When we think of American masters, we don’t think of David Bowie, who despite being a master was also the most English rock star ever to live. But an interview with Bowie, never before seen in full, nonetheless appears in the newly opened American Masters archive, having been shot for the long-running PBS series’ 1997 documentary on Lou Reed — if not the most American rock star ever to live, then surely the most New York one. “For me, New York was always James Dean walking out in the middle of the road, and it was always the Fugs, the Village Fugs. It was the Beats and it was SoHo. It was that kind of bohemian intellectual extravagance that made it so vibrant for someone like me, growing up in quite a gray, suburban, tenement-filled South London environment.”

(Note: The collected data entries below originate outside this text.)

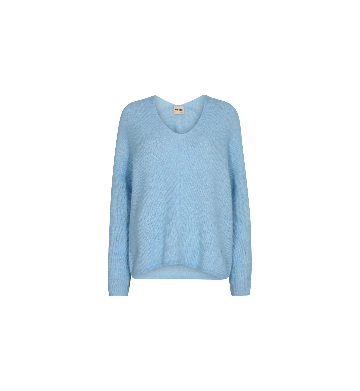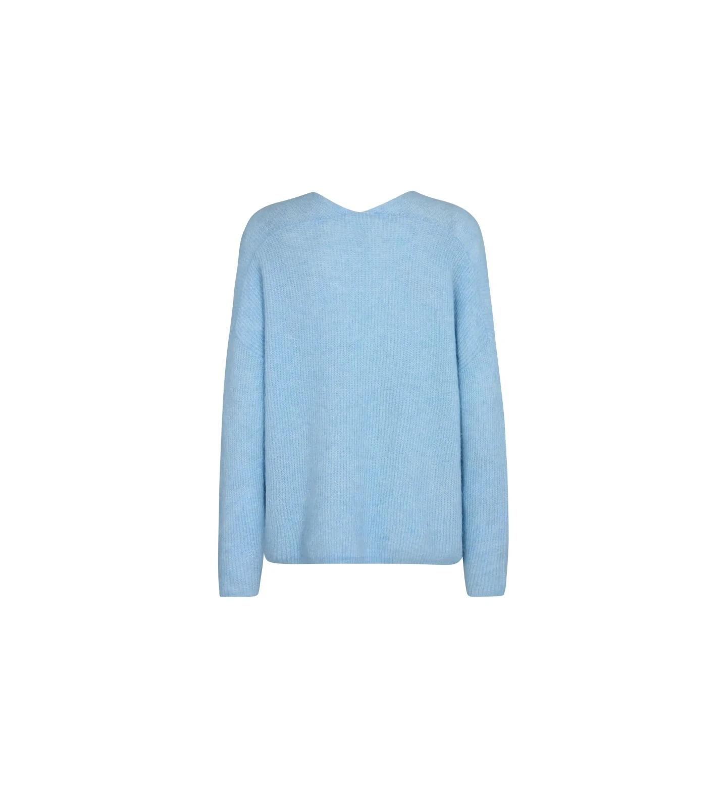 Mos Moshin pehmeä ja pörröinen neulepaita, joka on valmistettu lämpimästä alpakkasekoitteesta. Rento ja väljä istuvuus, pudotetut hartiat ja V-pääntie, myös niskasta.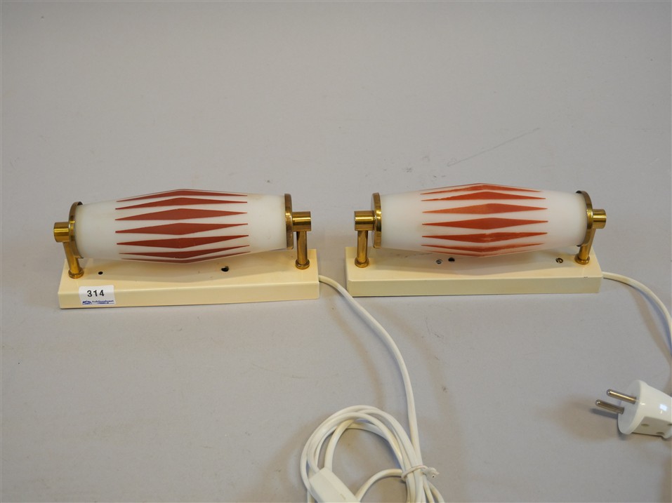 314. VÄGGLAMPOR 1950-tal färgskiftning. H ca 20 cm.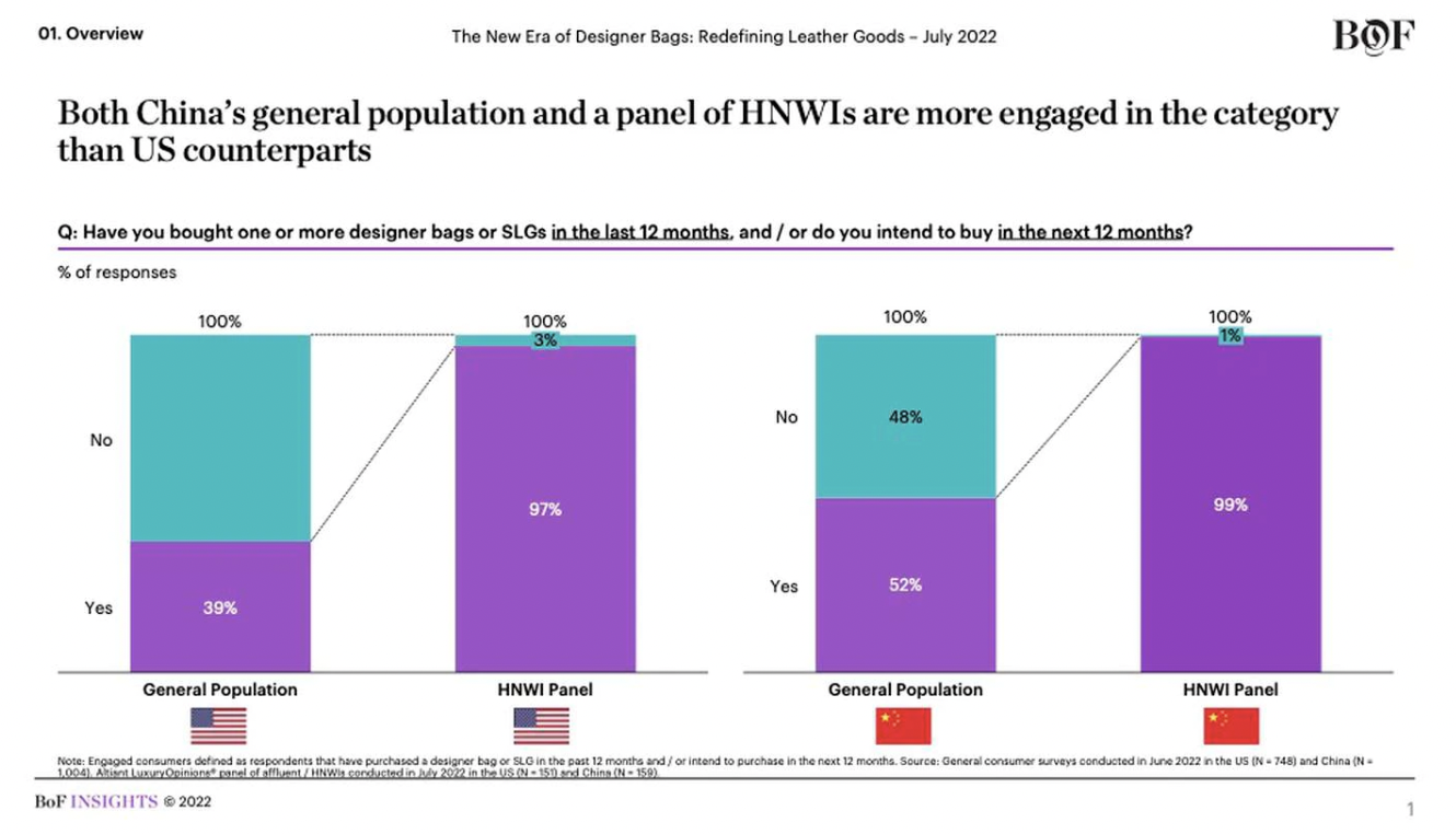 中美两国购买名牌包款的比例(HMWI 为高净值人群) | Via BOF
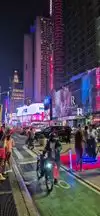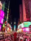 Neighborhood par excellence of nightlife day and night. Even in the evening it seems day. Lights everywhere , music , big traffic especially on the weekend . You easily spend a lot of money if you are not careful. Prices are quite high even a single hotdog costs $10. From here they can walk to other points of interest. At time Square you will find the M&M and Lego store waooo fantastic!!! Beware of people dressed up as Disney characters because they approach tourists with a smile for the photo and then when the photo is taken they want $5.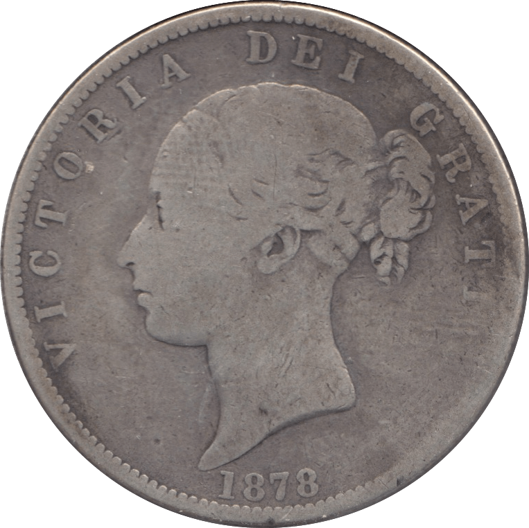 This 1878 Halfcrown is a notable piece of British numismatic history, struck during the reign of Queen Victoria. The obverse features the bust of Queen Victoria facing left, adorned with a laurel wreath. The reverse displays a crowned shield of the Royal Arms within a wreath of roses, thistles, and shamrocks, symbolizing the unity of England, Scotland, and Ireland.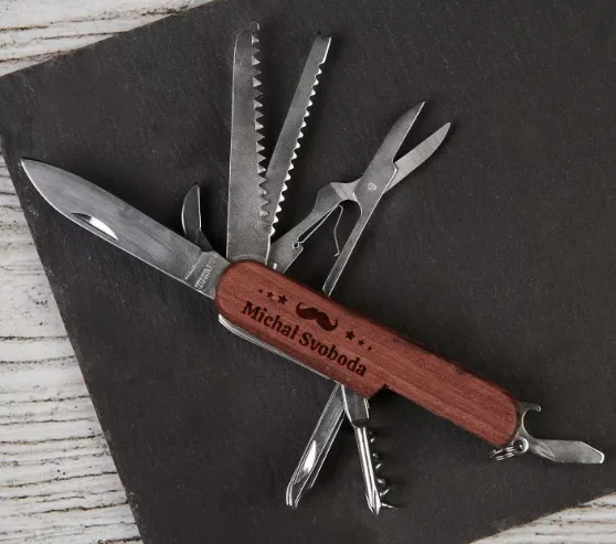 Pokud obdarovaný tráví hodně času v přírodě, na rybách nebo kempováním osobní kapesní nožík se určitě bude hodit. Firmy nabízejí i kapesní nožíky s vlastním nápisem, nechte obdarované/mu vyrobit nožík se jménem, při každém použití si na vás vzpomene a bude vděčný za krásný osobní dárek. Doporučujeme nože vybírat z nerezové oceli.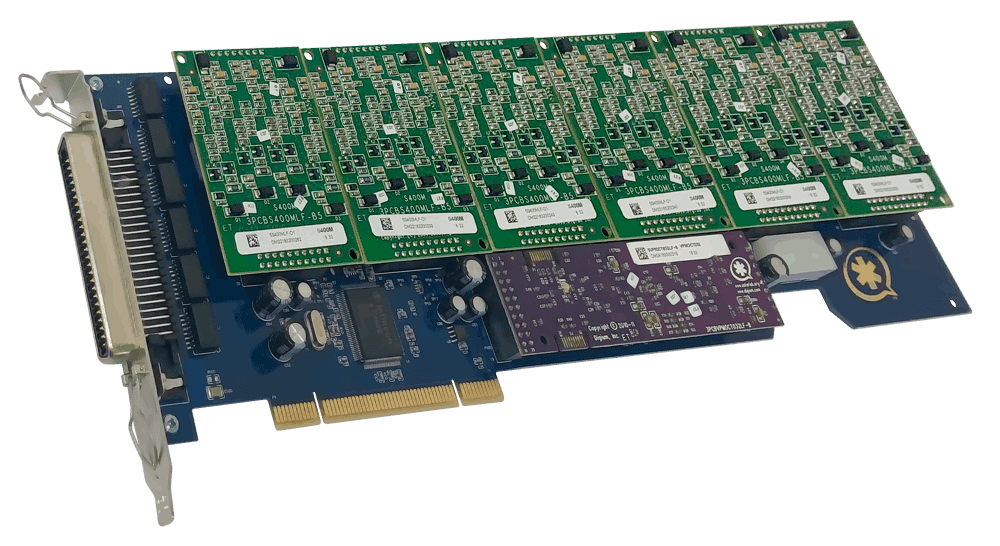 The Sangoma 2400 series analog telephony card can accommodate up to six quad port station or trunk modules for a total of 24 lines, making them ideal for larger installations or channel bank replacement. The Sangoma 2400 series are full-length PCI-Express 1.0 VoIP PBX hardware cards that connect analog telephone stations and analog POTS lines to a PC.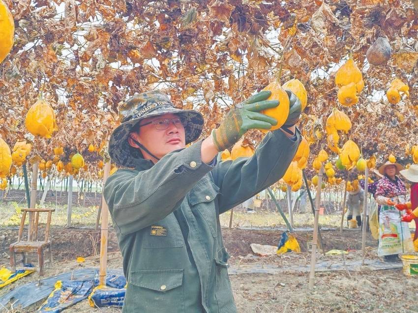 12月10日,走进郑场镇连渔村瓜蒌种植基地,一排排水泥柱撑起的瓜蒌架,连片成网,钻进其中,宛如进入一片金色的果实海洋,一个个金灿灿的瓜蒌圆润饱满,垂挂在藤蔓下,空气中还弥漫着淡淡的果甜味。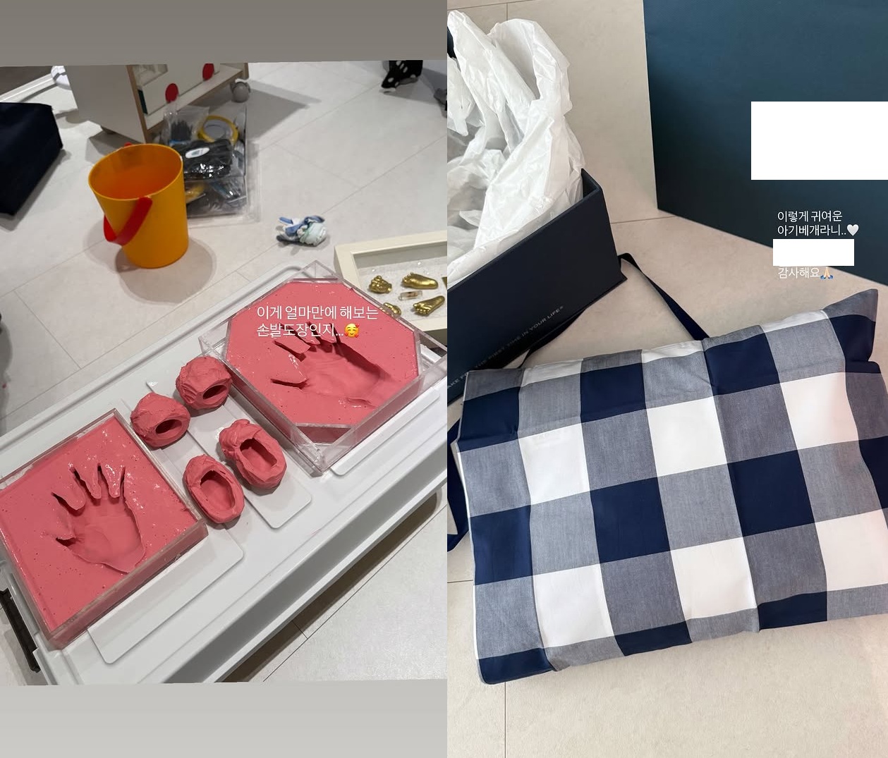 공개된 사진 속에는 둘째 딸의 탄생을 기념해 손과 발 모형 제작에 필요한 본 뜬 석고가 있어 눈길을 끈다.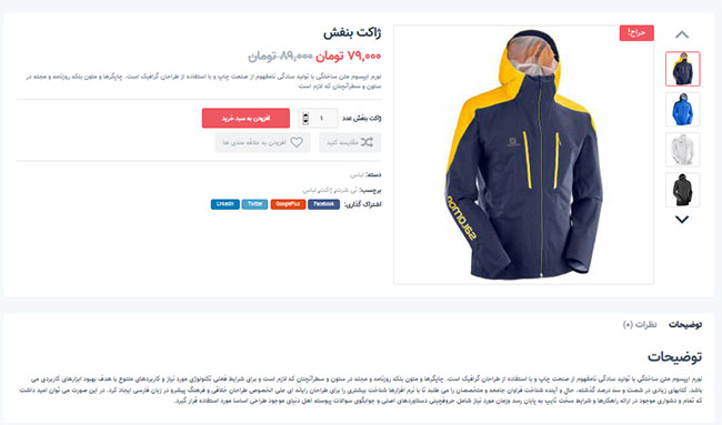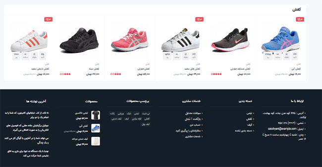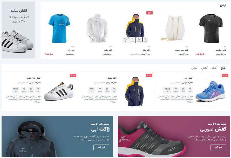 سایت فروشگاه اینترنتی در راستای پوشاک و لباس ( مردانه ، زنانه ، بچگانه ، ورزشی و...) با امکانات مختلف که آیتم های زیادی رو برای شما در قسمت مدیریت و همچنین راحتی بالایی برای مشتریان به ارمغان می آورد ...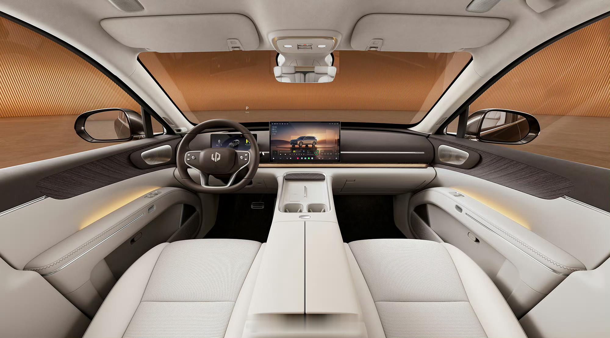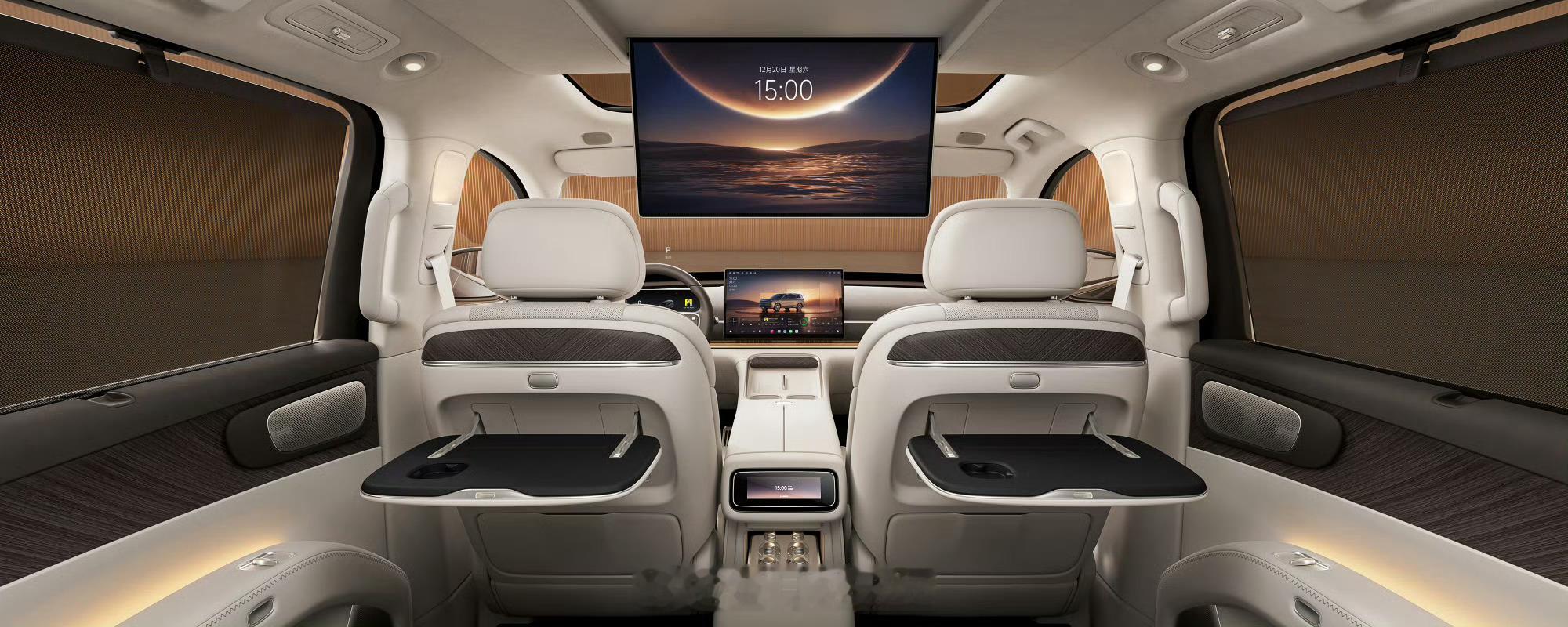零跑D19 内饰是很清爽的家庭风,材质、配色都很温馨居家;中排座椅尺寸克制,给后排乘客进出留下很宽的过道。能看出这台车清晰的大家庭用车的定位,而不是既要又要两头不靠的纠结体,点赞~最后,渲染图的靠背小桌板没有警示贴纸,希望商品车上不要漏掉这个~大v聊车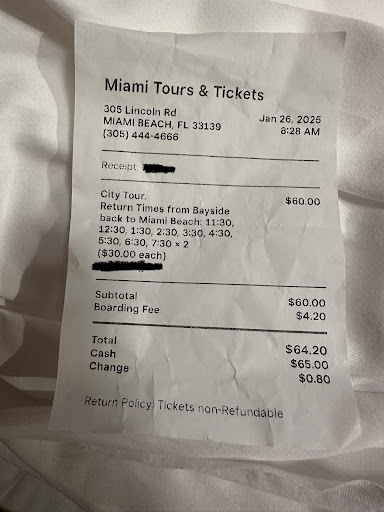 We booked online last night for just the Miami city tour this morning - it was supposed to be $29 and to pay by card. I'm so glad we booked online because it seems like if you book in person they upsell you like crazy. I saw people with "VIP" stickers - VIP means nothing. At best dishonest and at worst, predatory.

As with any society or culture, it takes an outsider to see things most clearly, or at any rate most vividly. But then, certain American-born Americans also have pretty vivid impressions of their own. No less a New York icon than Patti Smith, for instance, also sat for an interview about Lou Reed — as well as Bob Dylan, Andy Warhol, the Chelsea Hotel, poetry, labels, improvisation, John Coltrane, Jackson Pollock, CBGB, and much else besides.
Smith’s full interview runs 44 minutes, much longer than the brief clip above, but even it constitutes just a small fraction of the over 1,000 hours of similarly uncut interview footage now made available, complete with searchable transcripts, in the American Masters archive.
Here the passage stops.